25 August 2007
The Holy Mountain (1973)
As a caveat, I have to say straight up that I often find myself mired in lots of overwhelming questions about “meaning” when it appears to me that something’s intent is the lack of, or intentional removal of
meaning from any sort of artistic endeavor. Specifically, I ask: what’s the point?
And okay, I fully concede there are many enthusiastic souls in the world that will come out and say: the point is is that there is no point. Fine. But I’d like to think that’s a copout. That even if you can adequately describe The Holy Mountain as “prime Fellini on really prime peyote” as Steven Puchalski of Shock Cinema magazine puts it, what’s the point? If you look at his magazine and web site, maybe it’s a moot point.
But it’s about opening your mind to new experiences, and seeing new things! Close-minded pomposity alert: That’s it? And I’m not leveling this at Jodorowsky, mind you. Or the film itself…
But a question I had only 15 or 20 minutes into the movie was whether or not there was a master plan at work, or whether Jodorowsky was just throwing whatever he wanted in front of the camera and taking pictures.
There are things in this movie I’ve never seen before — frogs dressed as [Spaniard] Centurionish-types attacking (they have spears tied to them) an Aztec mini-village? Exploding, then, in showers of blood? Skinned animals crucified? Plastic Jesus-figures mass produced (one of which appears to be made of couscous and is eaten) and burned?
Fine, fine — tell me I don’t “get” avant-garde cinema. Or simply let it exist on the level of it being a new experience you can’t have anywhere else. But with the way it throws around all the iconography it can get its hands on — religious, cultural, democratic, fascist — you have to start questioning the validity, intellectual or otherwise, of such a potpourri of competing signifiers operating above their meaning.
Puchalski’s comment re: Fellini/Jodorowsky is actually refuted within the film itself: as the planets are ascending the film’s titular hill, they see visions of death and distraction that keep them from ascending the whole bit and achieving immortality. At one point, one of the planets is distracted by drugs which prevent him from further ascension, so if it’s not drugs that allow this visual competition, then obviously it’s something else (reality, we find out, in the obnoxious ending).

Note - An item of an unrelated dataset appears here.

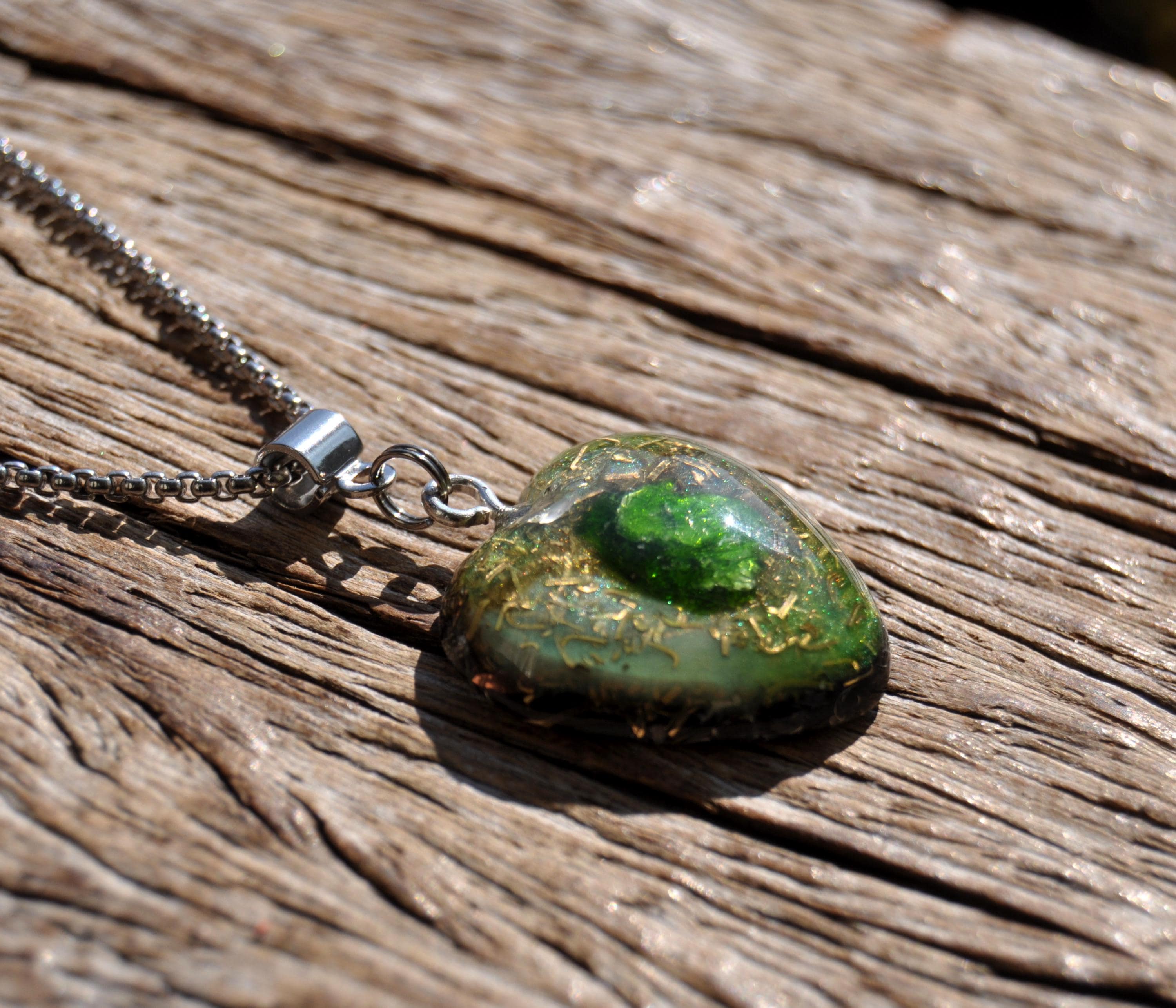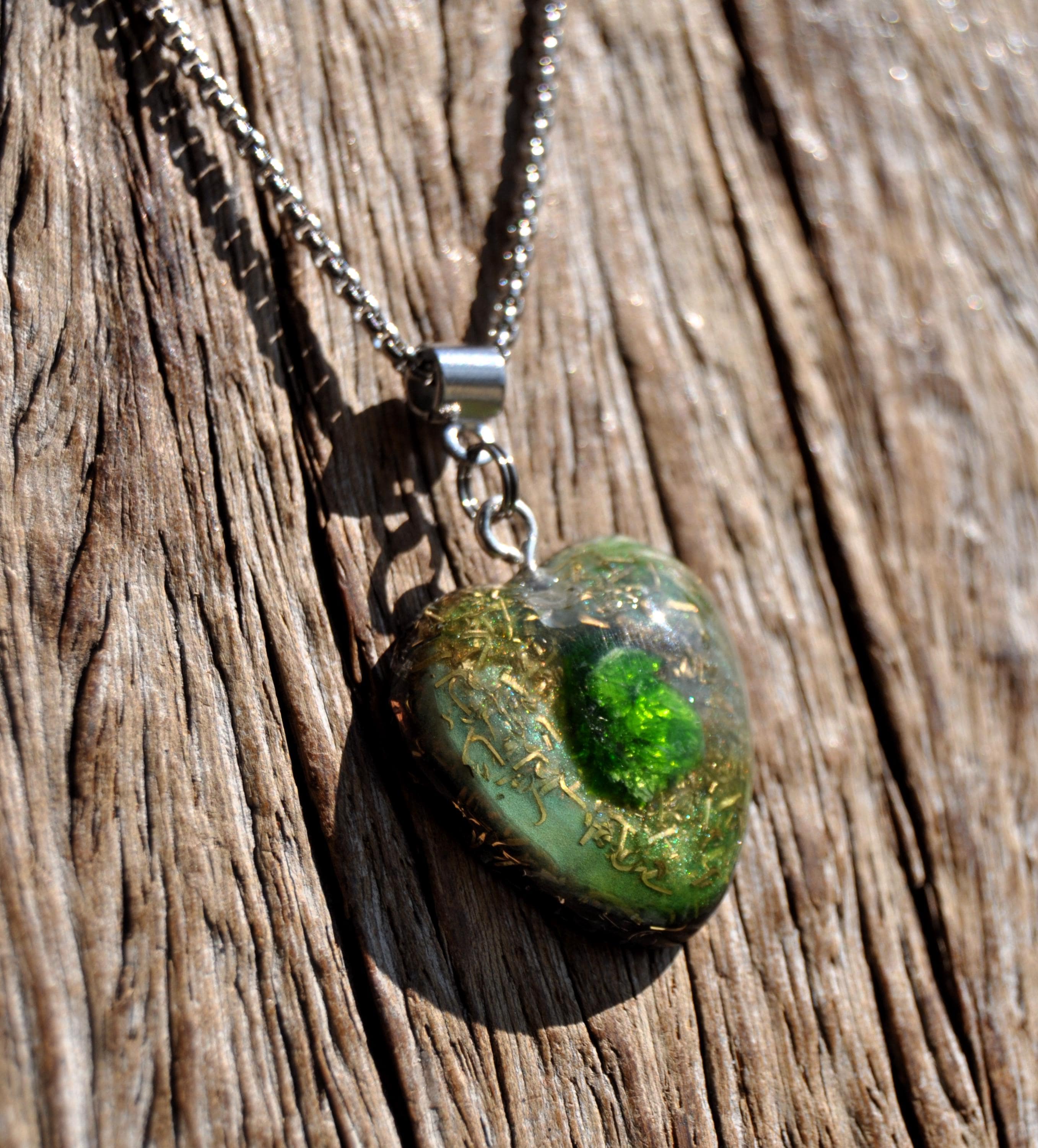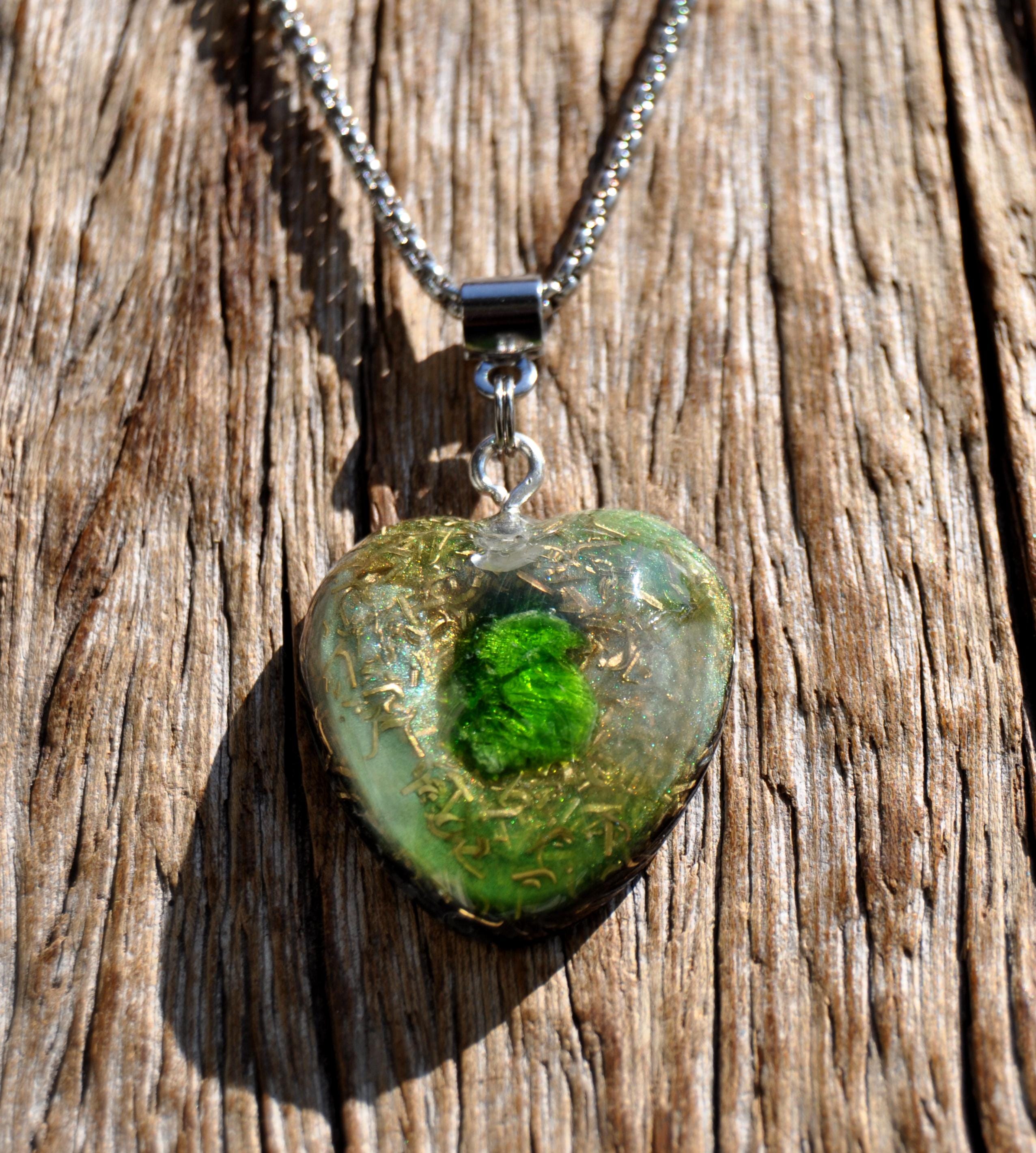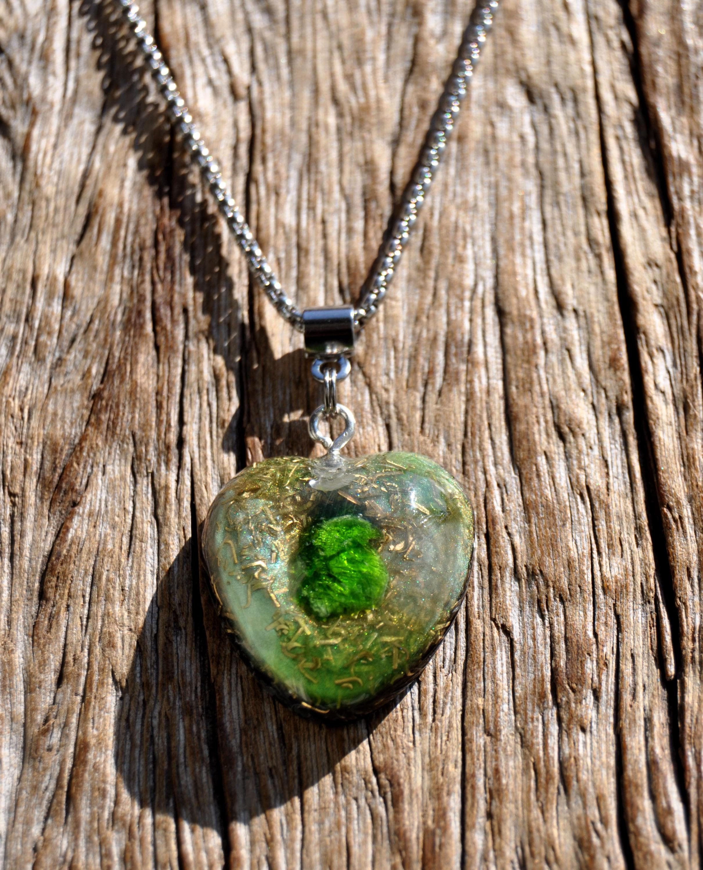 š Heart-Shaped Chrome Diopside OrgoniteĀ® Pendant

But even if Puchalski’s locking the movie down into something it isn’t already (“drug veritas,” or whatever), I still question his invocation of Fellini, or even Buñuel who arguably created a few films closer to The Holy Mountain. The reason for this is because I feel like there’s metaphoric tethering in Fellini and Buñuel’s films. Why does the actress change in That Obscure Object of Desire, or what exactly does Fellini suggest by the jovial dancing of all the characters at the end of 8 1/2? Cherry picking my examples, maybe, but elements that may seem somewhat random in those films can be parsed.
I don’t think The Holy Mountain was a bad move per se; I just struggle with this kind of thing vis-a-vis what I perceive it to accomplish, or offer. And maybe it’s not supposed to give me anything. Its ending was incredibly disappointing — Jodorowsky’s character himself announces to us that “real life awaits”, with a great big wink.
And all I’m left with really is that I finally “get” the ending to Monty Python and the Holy Grail, which previously I had merely attributed to being an absurdist way to end an absurd movie. Alas, it was parody.


The way I see it, the characters ascending the holy mountain do achieve immortality at the end of the film as they will live forever as celluloid images. The film is very open to personal interpretations though. Part of the enjoyment for me was constantly being provoked into asking questions of each scene and what it could represent.
I was put off by the first 20mins or so too, seems that not a lot of the imagery was of use to the plot, compared to the more subtle effects used later on.